== Problem details ==
The entries below are to be returned as written, with all pictures dropped.

== Information shown ==
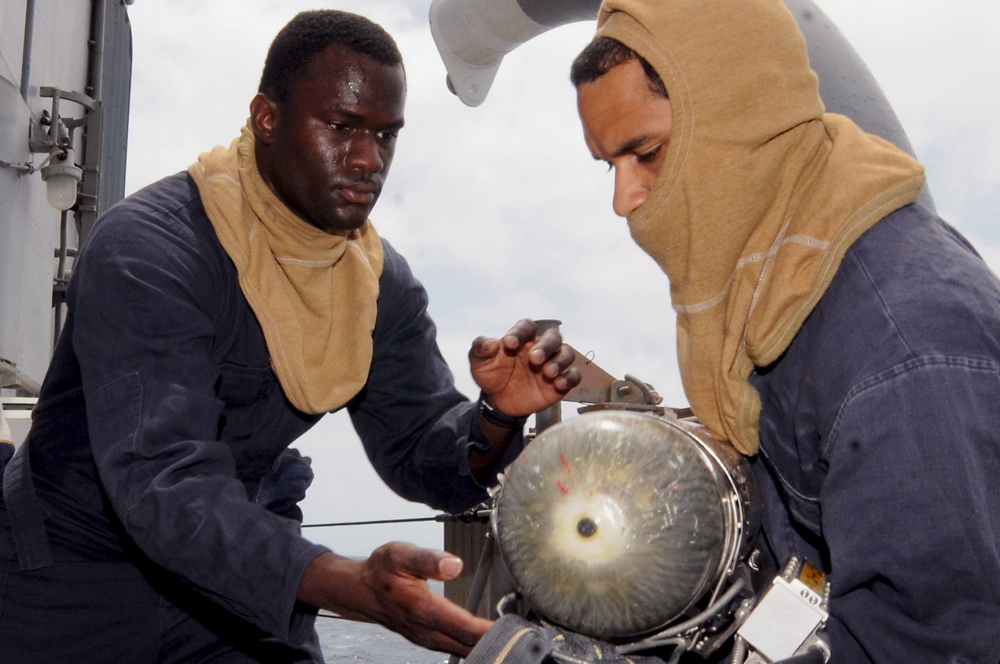 191k | 28 April 2012: the Atlantic Ocean - Culinary Specialist 1st Class Richard Williford, left, and Yeoman 3rd Class Coleman Gentry complete a functional safety check aboard the
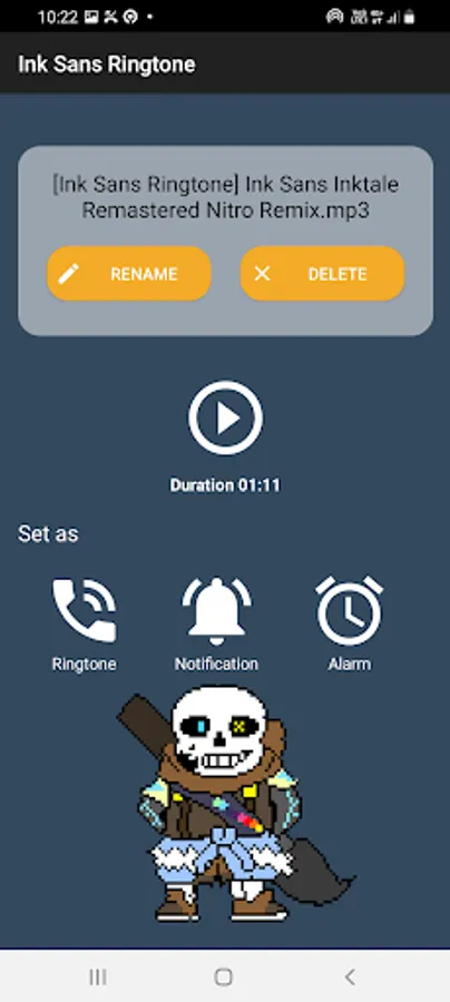 Hi .... Ink Sans Inktale Fans .... Now You can Play Inktale Music and You can set it as for ringtone and more... This app by fans for fans of Ink Sans Undertale Tokyovania Shanghaivania Megalovania Music ...
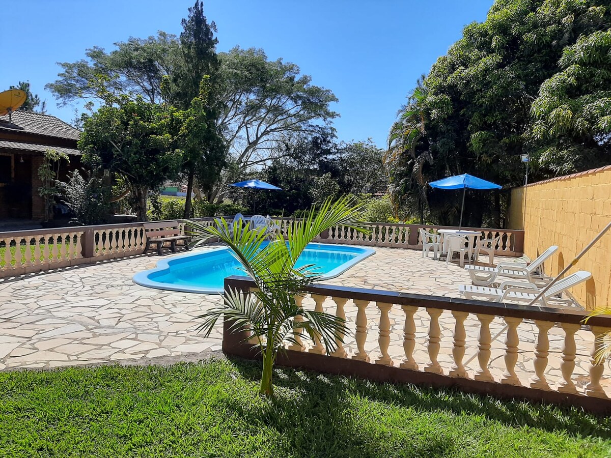 Welkom op de Recanto Alegria ranch! Onze ranch biedt een ruimte van rust en gezelligheid, zodat je weer in contact kunt komen met de natuur en speciale en onvergetelijke momenten kunt beleven. De ruimte heeft een zwembad, een complete barbecue, een terras met prachtig uitzicht en een grote en ruime tuin om familie en vrienden te verzamelen. Gelegen in het hart van de buurt, dicht bij het bar-restaurant en een minimarkt in de buurt. Natuur, comfort en ontspanning op één plek!
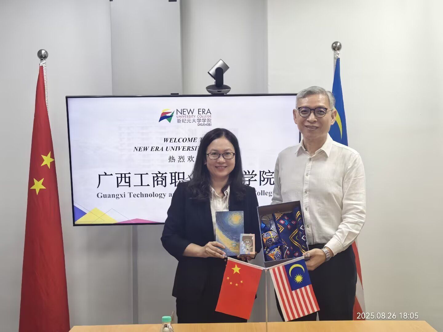 訪問新紀元大學學院時,代表團與該校校長莫順宗教授、副校長鄭詩儐副教授、國際教育學院助理院長廖筱紋副教授、國際學生招生辦公室主任彭會婷高級講師等校方代表座談交流。雙方通過視頻展示辦學特色,重點探討中國-東盟現(xiàn)代工匠學院共建、國際化課程開發(fā)、教育人才聯(lián)合培養(yǎng)、學術及師生交流、學歷提升等合作方向。兩校專業(yè)設置契合度較高,為合作奠定良好基礎,雙方達成合作意向,并計劃后續(xù)簽訂框架協(xié)議,實現(xiàn)資源共享與優(yōu)勢互補。
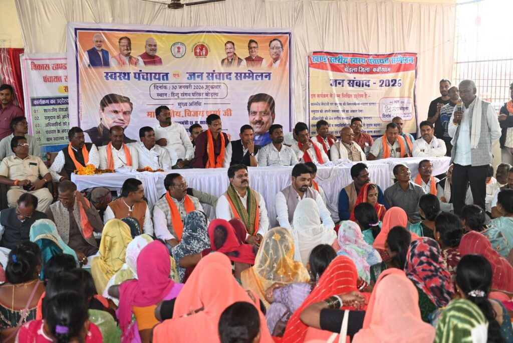बोड़ला में स्वस्थ पंचायत जन संवाद सम्मेलन का हुआ आयोजनकवर्धा: कबीरधाम जिले के बोड़ला में आयोजित स्वस्थ पंचायत जन संवाद सम्मेलन में उप मुख्यमंत्री विजय शर्मा ने कहा कि मितानिनें निस्वार्थ भाव से पूरे गांव को परिवार मानकर उनके स्वास्थ्य के प्रति सजग रहती हैं। उनके प्रयासों से हर पंचायतों में स्वास्थ्य सुविधाओं की व्यापक पहुंच सुनिश्चित होती है। महिलाओं और बच्चों की स्वास्थ्य सुरक्षा में उनका बड़ा योगदान होता है। उपमुख्यमंत्री ने कहा कि प्रधानमंत्री नरेंद्र मोदी के नेतृत्व में महिला सशक्तिकरण की दिशा में ऐतिहासिक निर्णय लिया है जिसके तहत विधानसभा और लोकसभा में महिलाओं के लिए 33 प्रतिशत आरक्षण का प्रावधान किया गया है। आने वाले वर्षों में विधानसभा में महिलाओं की भागीदारी और मजबूत होगी। उन्होंने बताया कि प्रदेश में लगभग डेढ़ लाख पंच और 11 हजार से अधिक सरपंच चुने गए हैं। जनपद पंचायत सदस्यों सहित इन सभी निर्वाचित प्रतिनिधियों में लगभग 55 प्रतिशत महिलाएं हैं, जो महिलाओं की बढ़ती भागीदारी को दर्शाता है।
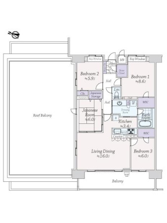 ・玄関にシューズクローク、居室に2つのウォークインクロゼットがあり収納力の高いお部屋です
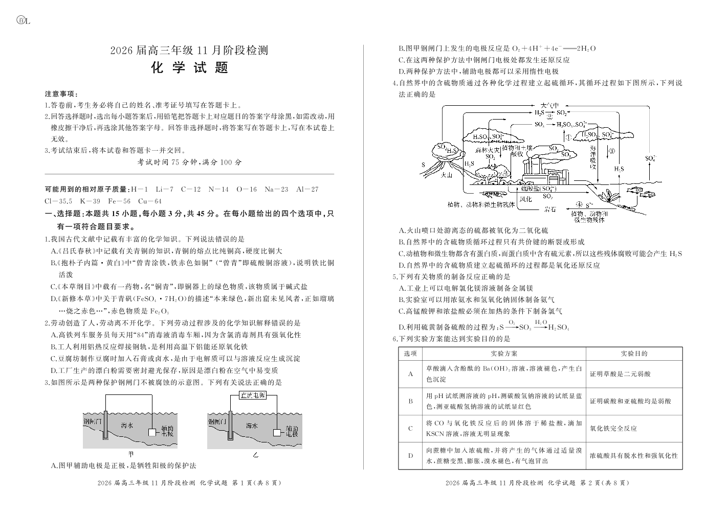 四川省百师联盟2026届高三年级11月阶段检测 化学.pdf
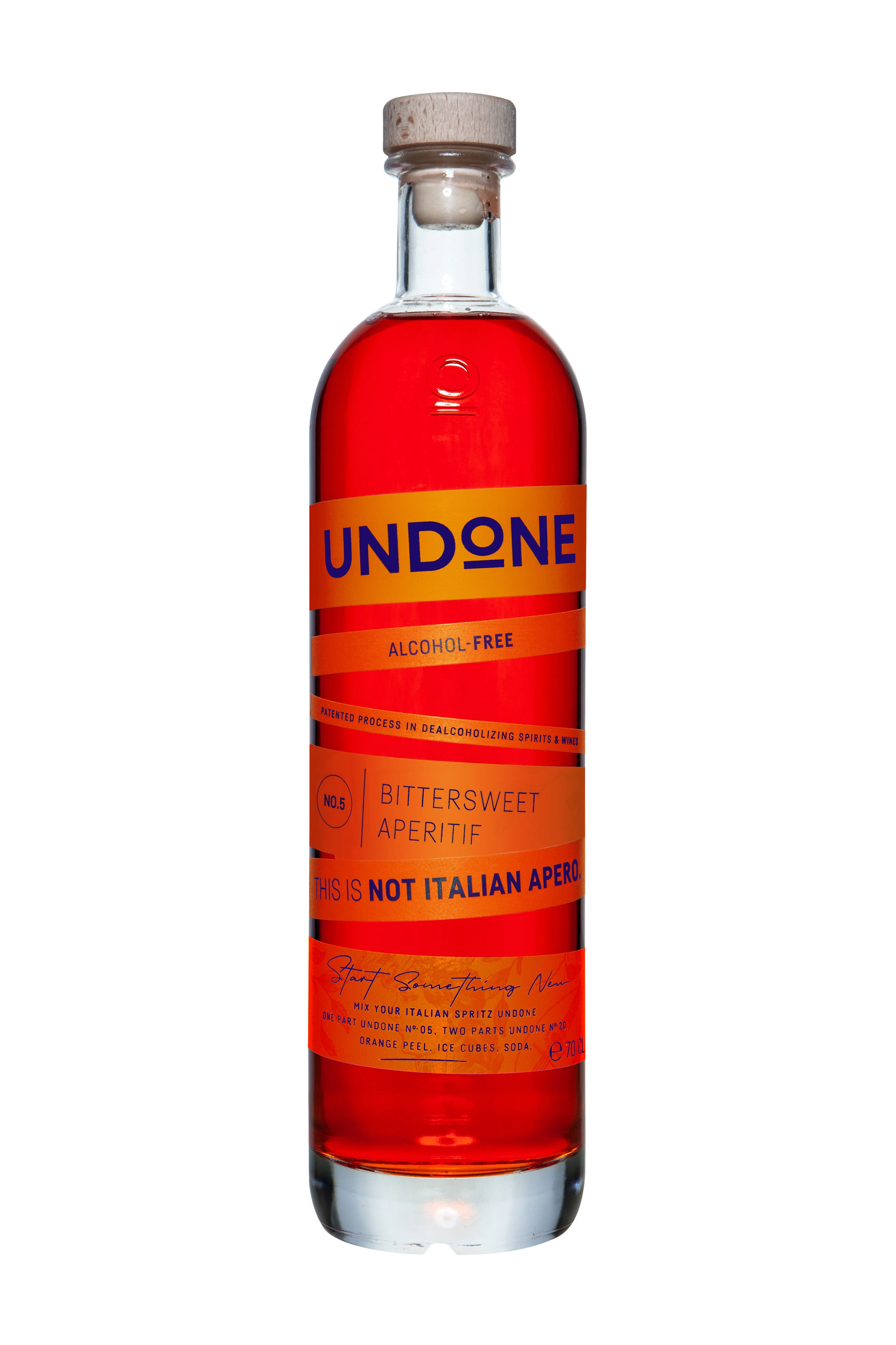 Az Undone No.5 Bittersweet Aperitif a klasszikus vörös aperitifek világát hozza el alkoholmentes formában. Ízvilágát citrusfélék héja, gyógynövények, karamellás jegyek és határozott kesernyésség határozza meg.
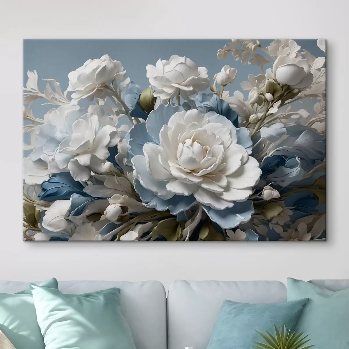 Gemälde Weiße Blumen und Blätter auf blauem Hintergrund Art. s41527

== Result for this exercise ==
 191k | 28 April 2012: the Atlantic Ocean - Culinary Specialist 1st Class Richard Williford, left, and Yeoman 3rd Class Coleman Gentry complete a functional safety check aboard the
 Hi .... Ink Sans Inktale Fans .... Now You can Play Inktale Music and You can set it as for ringtone and more... This app by fans for fans of Ink Sans Undertale Tokyovania Shanghaivania Megalovania Music ...
 Welkom op de Recanto Alegria ranch! Onze ranch biedt een ruimte van rust en gezelligheid, zodat je weer in contact kunt komen met de natuur en speciale en onvergetelijke momenten kunt beleven. De ruimte heeft een zwembad, een complete barbecue, een terras met prachtig uitzicht en een grote en ruime tuin om familie en vrienden te verzamelen. Gelegen in het hart van de buurt, dicht bij het bar-restaurant en een minimarkt in de buurt. Natuur, comfort en ontspanning op één plek!
 訪問新紀元大學學院時,代表團與該校校長莫順宗教授、副校長鄭詩儐副教授、國際教育學院助理院長廖筱紋副教授、國際學生招生辦公室主任彭會婷高級講師等校方代表座談交流。雙方通過視頻展示辦學特色,重點探討中國-東盟現(xiàn)代工匠學院共建、國際化課程開發(fā)、教育人才聯(lián)合培養(yǎng)、學術及師生交流、學歷提升等合作方向。兩校專業(yè)設置契合度較高,為合作奠定良好基礎,雙方達成合作意向,并計劃后續(xù)簽訂框架協(xié)議,實現(xiàn)資源共享與優(yōu)勢互補。
बोड़ला में स्वस्थ पंचायत जन संवाद सम्मेलन का हुआ आयोजनकवर्धा: कबीरधाम जिले के बोड़ला में आयोजित स्वस्थ पंचायत जन संवाद सम्मेलन में उप मुख्यमंत्री विजय शर्मा ने कहा कि मितानिनें निस्वार्थ भाव से पूरे गांव को परिवार मानकर उनके स्वास्थ्य के प्रति सजग रहती हैं। उनके प्रयासों से हर पंचायतों में स्वास्थ्य सुविधाओं की व्यापक पहुंच सुनिश्चित होती है। महिलाओं और बच्चों की स्वास्थ्य सुरक्षा में उनका बड़ा योगदान होता है। उपमुख्यमंत्री ने कहा कि प्रधानमंत्री नरेंद्र मोदी के नेतृत्व में महिला सशक्तिकरण की दिशा में ऐतिहासिक निर्णय लिया है जिसके तहत विधानसभा और लोकसभा में महिलाओं के लिए 33 प्रतिशत आरक्षण का प्रावधान किया गया है। आने वाले वर्षों में विधानसभा में महिलाओं की भागीदारी और मजबूत होगी। उन्होंने बताया कि प्रदेश में लगभग डेढ़ लाख पंच और 11 हजार से अधिक सरपंच चुने गए हैं। जनपद पंचायत सदस्यों सहित इन सभी निर्वाचित प्रतिनिधियों में लगभग 55 प्रतिशत महिलाएं हैं, जो महिलाओं की बढ़ती भागीदारी को दर्शाता है।
 ・玄関にシューズクローク、居室に2つのウォークインクロゼットがあり収納力の高いお部屋です
 四川省百师联盟2026届高三年级11月阶段检测 化学.pdf
 Az Undone No.5 Bittersweet Aperitif a klasszikus vörös aperitifek világát hozza el alkoholmentes formában. Ízvilágát citrusfélék héja, gyógynövények, karamellás jegyek és határozott kesernyésség határozza meg.
 Gemälde Weiße Blumen und Blätter auf blauem Hintergrund Art. s41527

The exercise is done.